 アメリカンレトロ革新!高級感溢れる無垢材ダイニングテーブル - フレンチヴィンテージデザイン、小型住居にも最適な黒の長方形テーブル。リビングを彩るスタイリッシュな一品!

--

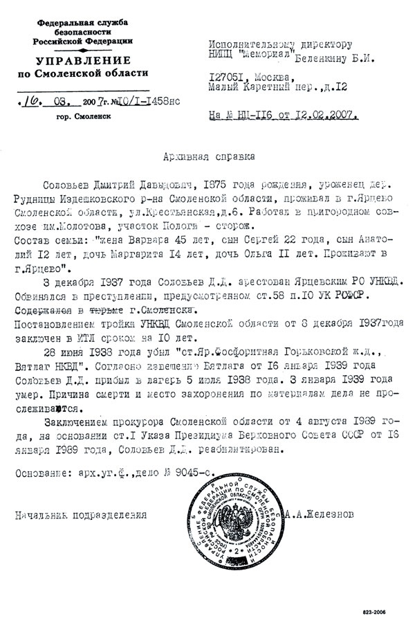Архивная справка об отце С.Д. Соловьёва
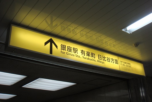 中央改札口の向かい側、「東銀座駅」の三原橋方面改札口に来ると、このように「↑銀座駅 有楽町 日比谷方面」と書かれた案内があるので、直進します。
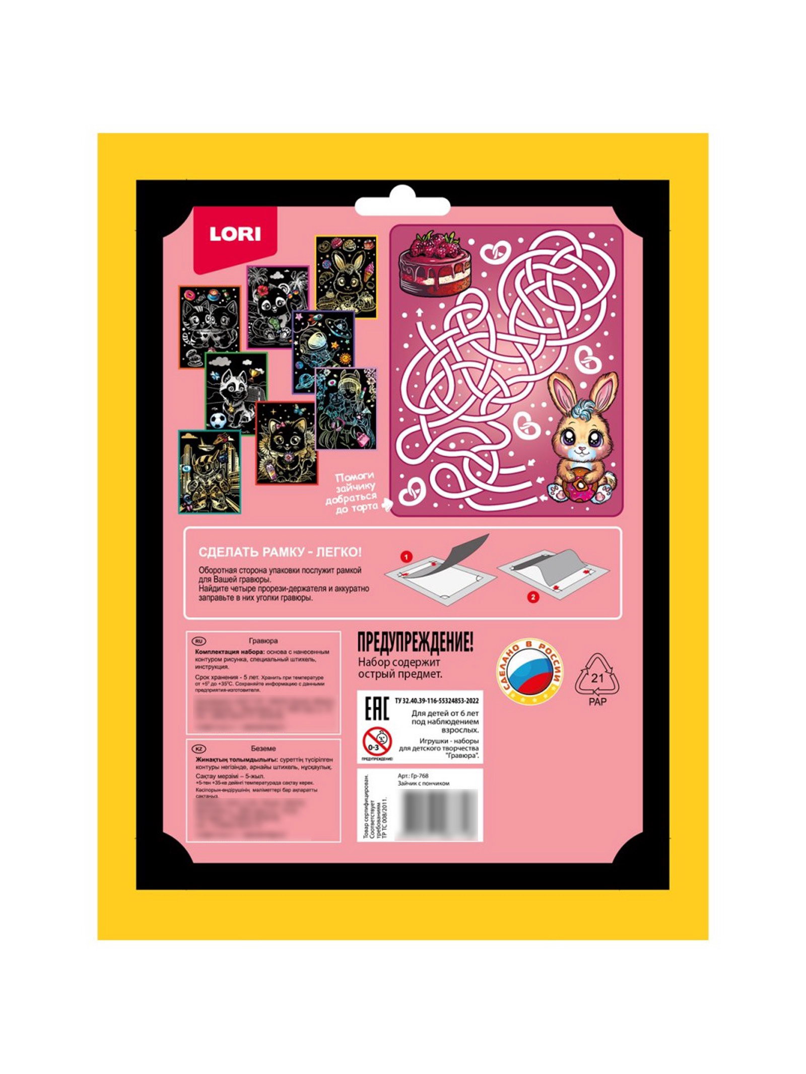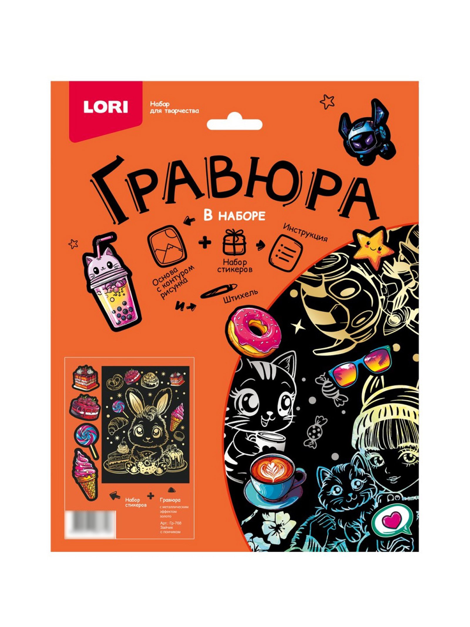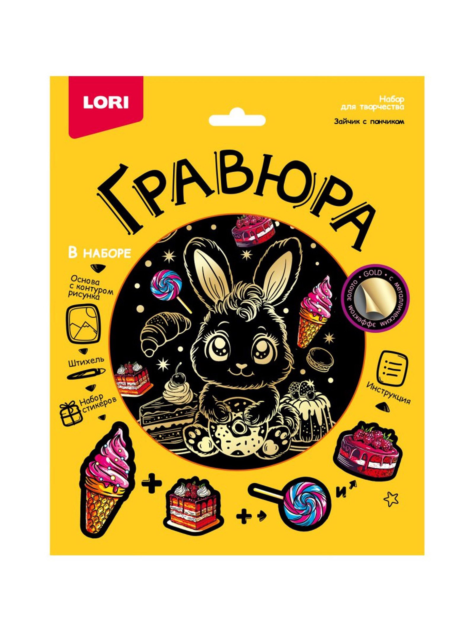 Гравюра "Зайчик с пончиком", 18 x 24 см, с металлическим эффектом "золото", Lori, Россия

...

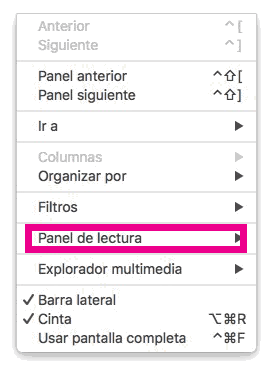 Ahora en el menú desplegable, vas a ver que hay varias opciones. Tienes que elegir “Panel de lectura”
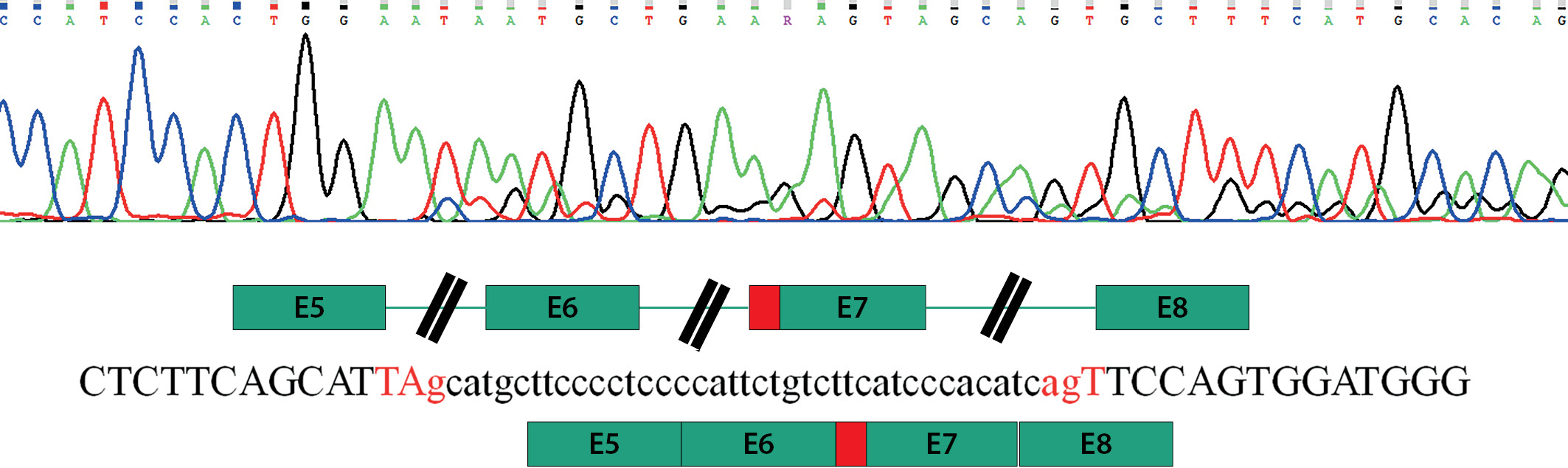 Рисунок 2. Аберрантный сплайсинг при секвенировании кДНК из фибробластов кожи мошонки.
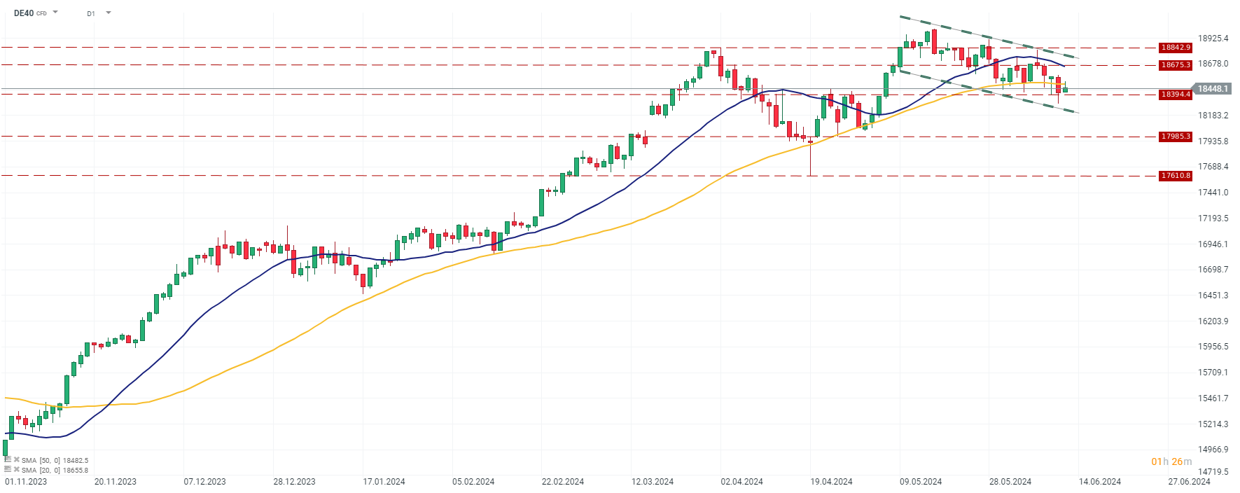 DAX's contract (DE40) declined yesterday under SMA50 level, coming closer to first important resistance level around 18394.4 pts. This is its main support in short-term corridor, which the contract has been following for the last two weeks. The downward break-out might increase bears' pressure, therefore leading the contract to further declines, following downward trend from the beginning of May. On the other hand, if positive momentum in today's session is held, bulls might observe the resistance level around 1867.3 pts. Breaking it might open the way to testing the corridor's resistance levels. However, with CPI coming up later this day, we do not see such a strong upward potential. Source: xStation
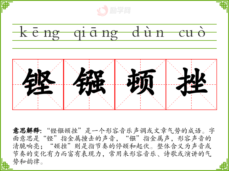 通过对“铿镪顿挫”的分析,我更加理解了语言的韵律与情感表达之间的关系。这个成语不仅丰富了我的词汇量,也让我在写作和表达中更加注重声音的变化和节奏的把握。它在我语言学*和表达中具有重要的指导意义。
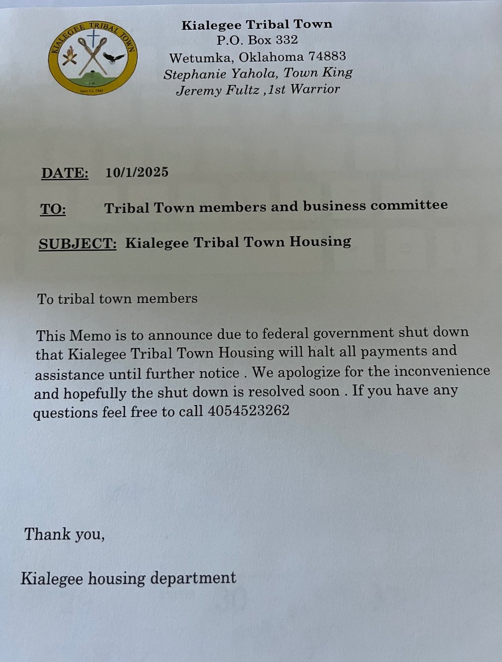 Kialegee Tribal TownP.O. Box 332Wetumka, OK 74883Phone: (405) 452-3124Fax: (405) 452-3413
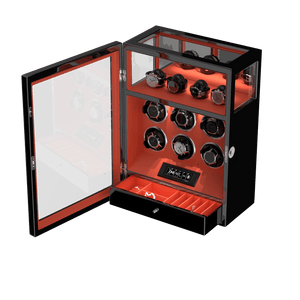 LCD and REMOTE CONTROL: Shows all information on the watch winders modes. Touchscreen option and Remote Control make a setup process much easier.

**Task details**
Starting at the line above that holds "Ahora en el", return each line up to and including the one that holds "LCD and REMOTE", exactly as written, minus any pictures.

**Task output**
 Ahora en el menú desplegable, vas a ver que hay varias opciones. Tienes que elegir “Panel de lectura”
 Рисунок 2. Аберрантный сплайсинг при секвенировании кДНК из фибробластов кожи мошонки.
 DAX's contract (DE40) declined yesterday under SMA50 level, coming closer to first important resistance level around 18394.4 pts. This is its main support in short-term corridor, which the contract has been following for the last two weeks. The downward break-out might increase bears' pressure, therefore leading the contract to further declines, following downward trend from the beginning of May. On the other hand, if positive momentum in today's session is held, bulls might observe the resistance level around 1867.3 pts. Breaking it might open the way to testing the corridor's resistance levels. However, with CPI coming up later this day, we do not see such a strong upward potential. Source: xStation
 通过对“铿镪顿挫”的分析,我更加理解了语言的韵律与情感表达之间的关系。这个成语不仅丰富了我的词汇量,也让我在写作和表达中更加注重声音的变化和节奏的把握。它在我语言学*和表达中具有重要的指导意义。
 Kialegee Tribal TownP.O. Box 332Wetumka, OK 74883Phone: (405) 452-3124Fax: (405) 452-3413
 LCD and REMOTE CONTROL: Shows all information on the watch winders modes. Touchscreen option and Remote Control make a setup process much easier.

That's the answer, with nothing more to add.